Ich habe eine ganz andere Vermutung: Externe Berater haben oft das Problem, dass sie gar nicht verstehen, worum es in einer Organisation geht. In einem Fallbeispiel in dem Beitrag wird das deutlich: „Für die Berater waren die Sondierungsgespräche unerlässlich, um die im Unternehmen geläufigen Begrifflichkeiten … zu verstehen und im Workshop „sprachfähig“ zu sein.“ Das ist in der Tat ein Problem. Aber im Ernst: Wenn ich nicht mitreden kann, weil ich zu wenig von der Branche oder den Hintergründen verstehe, dann muss ich dem Auftraggeber das ehrlich mitteilen und ihm erklären, dass ich deutlich mehr Zeit benötige, um mich in die Materie einzuarbeiten. Wenn er bereit ist, diese Einarbeitung des Beraters zu bezahlen – wunderbar. Ansonsten sollte er sich jemanden suchen, der sich auskennt. 

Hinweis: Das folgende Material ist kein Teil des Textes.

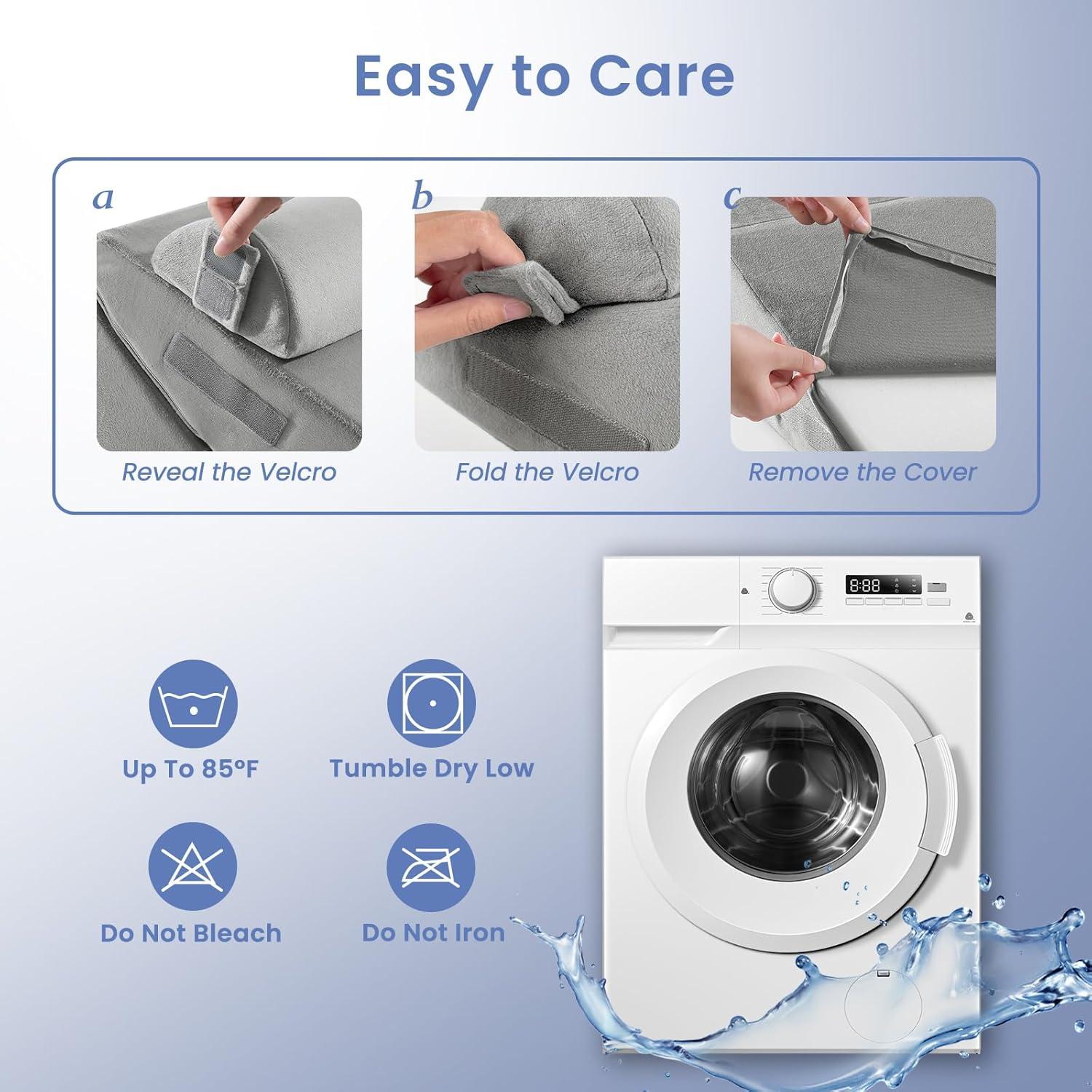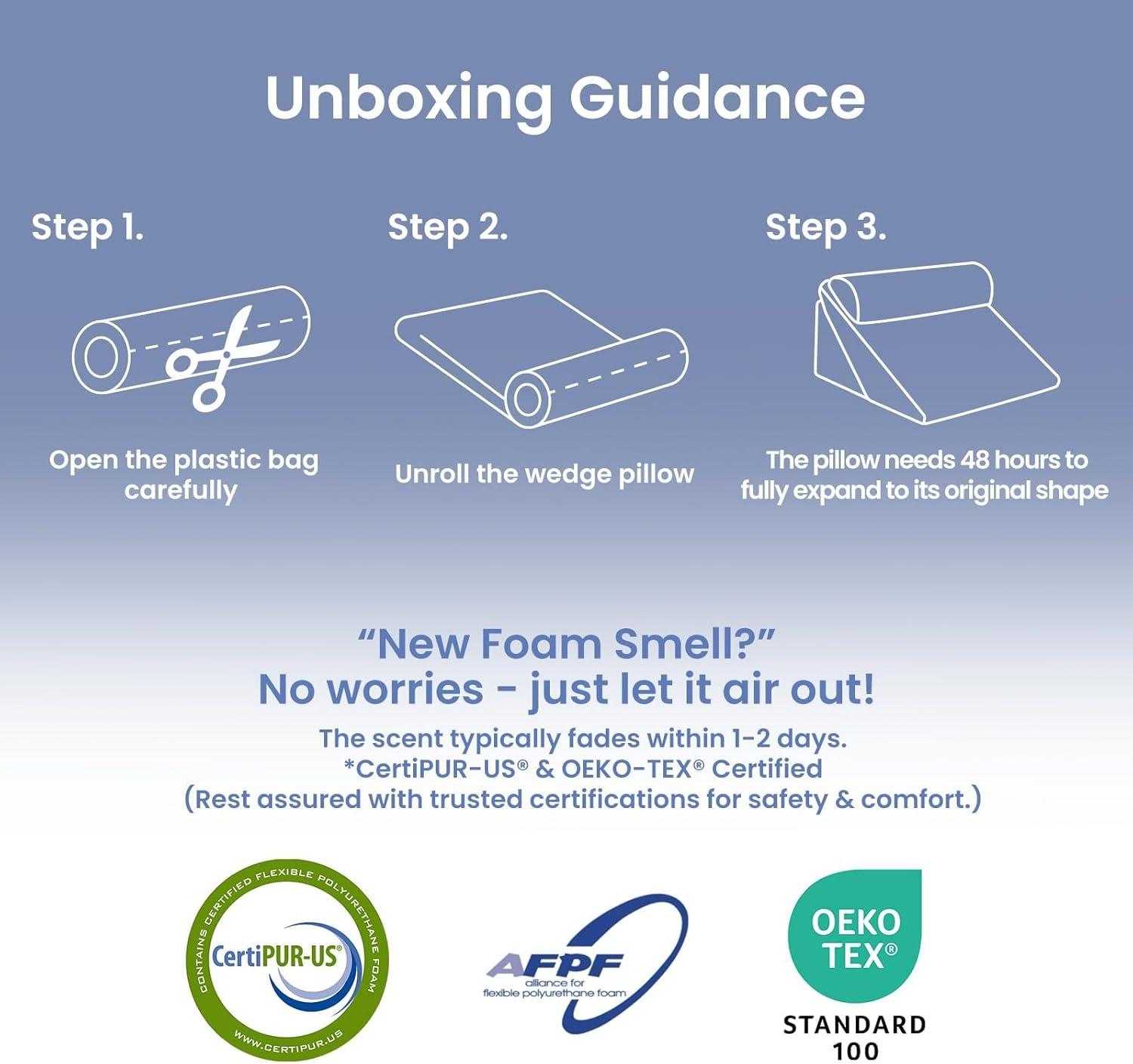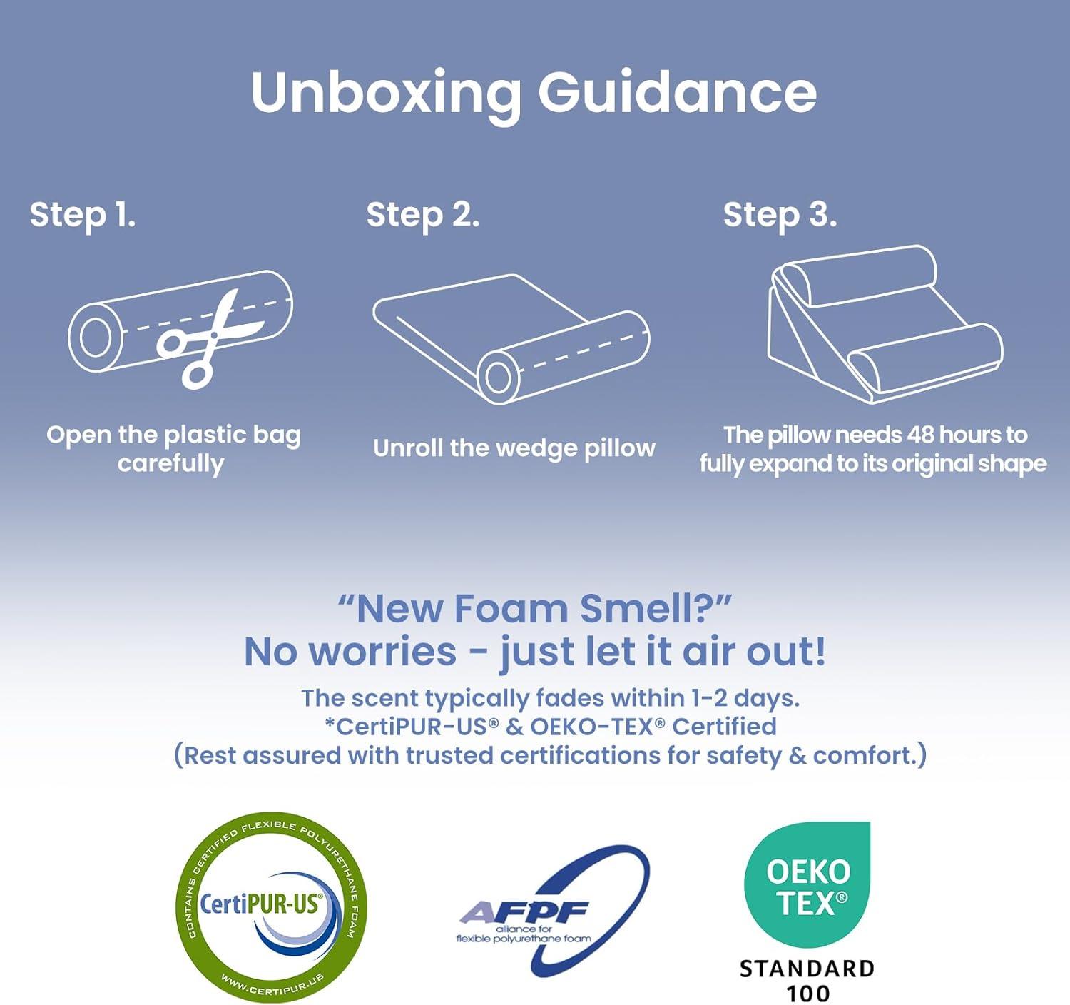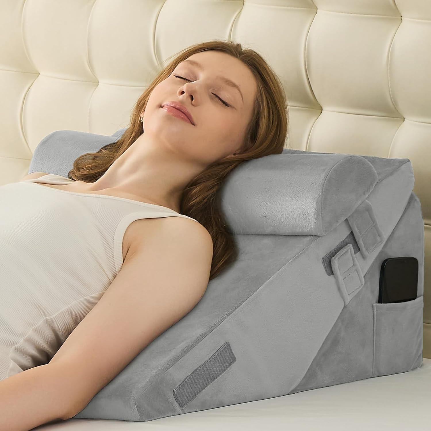 Multifunctional Wedge Pillow: This wedge pillow for sleeping helps reduce acid reflux, snoring, and heartburn through improved breathing and circulation. The pillow wedge also helps ease back, neck, and leg pressure, ideal for post-surgery recovery
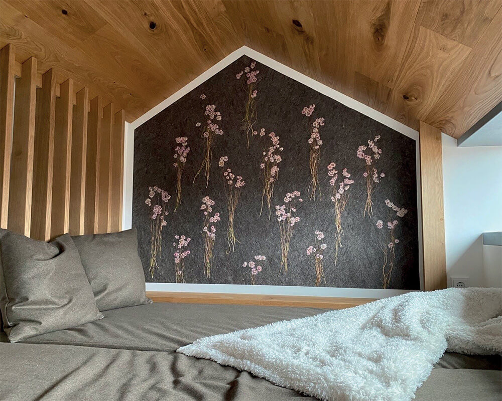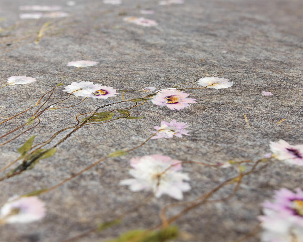 Gentle comfort meets with delicate floral beauty! This natural surface combines both the cosy warmth of sheep’s wool and the intricate elegance of Rhodanthe blossoms.

Noch eine Anmerkung zur Nachbereitung: Die Berater erklären, dass es mit der Verabschiedung von Aktionsplänen nicht getan ist: Anschließend geht die Arbeit oft erst richtig los. Na sowas, das gilt für jedes Meeting. Dass manchmal diejenigen, die ganz entscheidenden Anteil an der Umsetzung haben, nicht im Workshop anwesend sind (wie in Fallbeispiel 2), sollte vielleicht schon in der Vorbereitung erkannt werden. Wenn nicht, ist es natürlich Teil des Aktionsplanes, sie zu informieren und ihr Okay einzuholen. Und dass es Beratern nicht gelingt, die Auftraggeber „von der Notwendigkeit einer ausführlichen Auswertung und Nachbereitung“ zu überzeugen, ist bitter. Aber ist das das Problem des Moderators?

Und die Umsetzung?

Es gibt dazu schöne Tools. Nämlich z.B. die Frage, was passieren muss, damit die Ergebnisse auch umgesetzt werden. Oder die Frage, welche Hindernisse bei der Umsetzung auftauchen können und wie man diese zu bewältigen gedenkt. Wenn für solche Fragen im Workshop kein Platz ist, ist er schlecht geplant – was wiederum Teil der Auftragsklärung ist und damit in der Verantwortung des Moderators liegt. Vielleicht haben die Berater von Metaplan Aufträge angenommen, die sie besser nicht hätten akzeptieren sollen?